What stops the model from inventing a tone called 'super_great' and using it for everything?

Two gates. First, the new_style block has required fields (description, example, why_existing_didnt_fit), and a registration that fails on missing fields, returning rejected to the orchestrator. Second, status starts as candidate, not active. Candidates only get the 5% floor weight regardless of how many times they 'win', so even if the model insists on its new tone every reply, the picker still sends 95% of traffic to the established baseline. A nightly promote_engagement_styles.py job graduates a candidate to active only after it accumulates real samples with a non-degenerate median. Until then it lives at the floor.

What is the two-lane grounding rule and why does it matter for templates?

It is the rule that prevents your auto-generated replies from making up personal anecdotes. Lane 1 is DISCLOSED STORY: the comment opens with a hedge ('hypothetically', 'imagine someone running this', 'scenario:'), and once that frame is set the model can use any specifics it wants. Lane 2 is NO FABRICATION: the comment stays first-person but every concrete detail (number, duration, headcount, place name, course name) must appear verbatim in your project's config. If a specific is not in config, the model must drop it, generalize it, or pattern-frame it ('the typical failure mode is...'). The rule outranks the 'specificity is the #1 authenticity signal' rule wherever they conflict. Without it, storyteller will happily write 'i ran 22 cameras for 8 months' on a thread about home security, which Reddit catches and downvotes within an hour.

Where do platform-specific overrides live?

PLATFORM_POLICY in scripts/engagement_styles.py.

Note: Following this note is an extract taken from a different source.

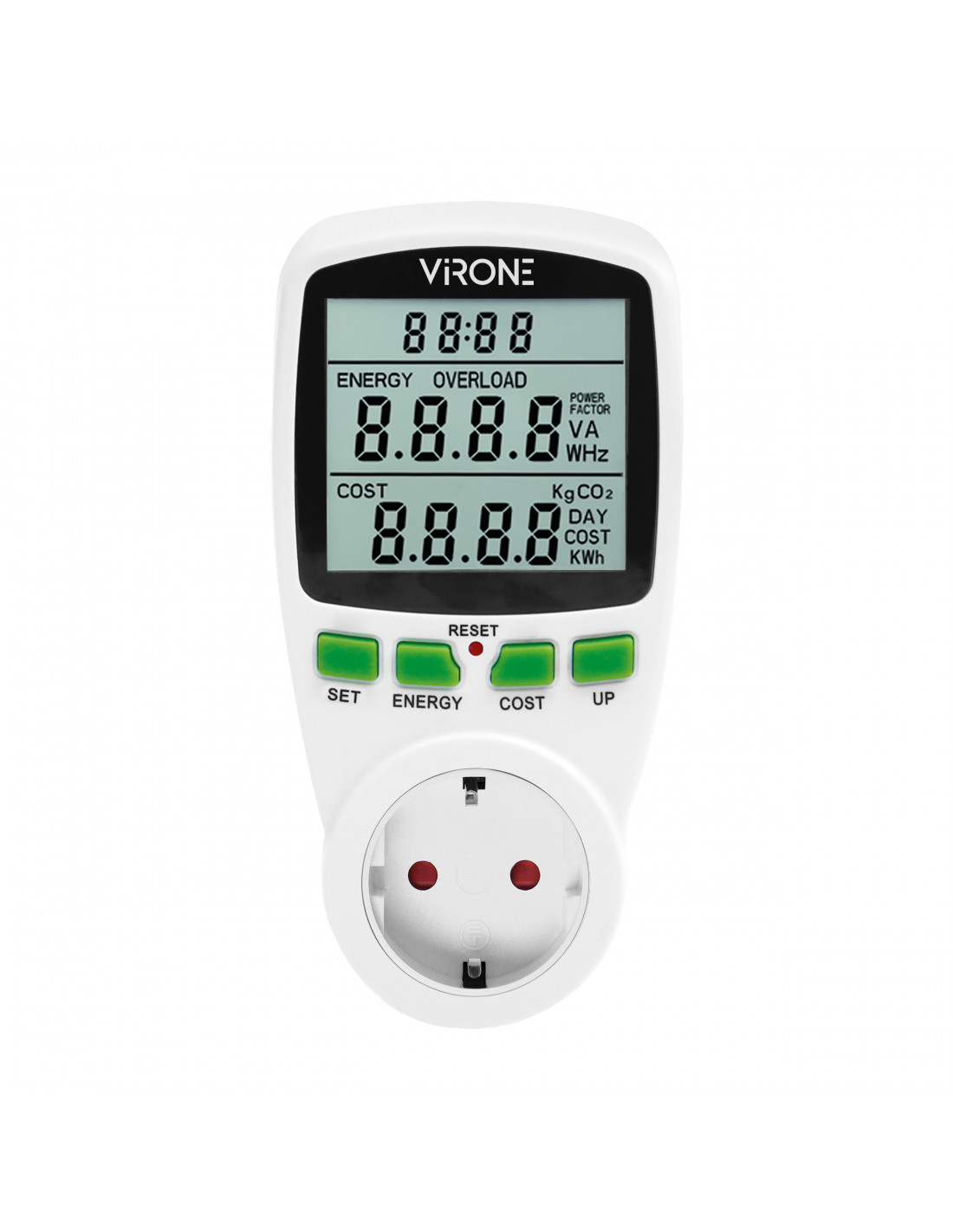 Watomierz umożliwia nam sprawdzenie zużycia prądu elektrycznego i obliczenie kosztów zużytej energii podłączonego urządzenia (obsługuje jedną taryfę). Duży wyświetlacz LCD pokazuje dodatkowo aktualny czas, napięcie i natężenie prądu, współczynnik mocy, częstotliwość, maksymalne obciążenie prądu i ostrzeżenie o przeciążeniu, możliwość wprowadzenia 4 rodzajów waluty. Wewnętrzny akumulator: 2 × 1,5V LR44 podtrzymuje ustawienia urządzenia w razie braku prądu.

Per platform you set a never list of disallowed tones (snarky_oneliner is permanently off on professional networks; curious_probe is off on Reddit because question-form replies underperform there) and a note string that gets prepended to the prompt ('Brevity wins. 1-2 sentences max.'). The picker excludes never tones from the candidate pool entirely. Adding a platform is one dict entry plus a per-platform avg_upvotes query.

Does the picker care about which subreddit the reply is going to?

Each style declares best_in.reddit as a list of subreddit hints (critic is best in r/Entrepreneur and r/startups; pattern_recognizer is best in r/ExperiencedDevs and r/programming). Those hints surface in the prompt next to the target distribution so the model can lean toward a tone the subreddit's culture rewards even if it is not the global winner. The hints are advisory; the model can override when the specific thread breaks the subreddit's average mood.

Can I run this without writing my own picker?

Yes. The S4L repo ships the picker, the candidate registry, the nightly promoter, and the per-platform avg_upvotes query against a Postgres `posts` table. Drop in your own engagement DB or use the bundled SQLite/Postgres schema, then call get_styles_prompt(platform, context) before every reply generation. The only thing you have to wire yourself is logging each posted reply back into the same posts table with engagement_style and upvotes filled in, otherwise the picker has nothing to score.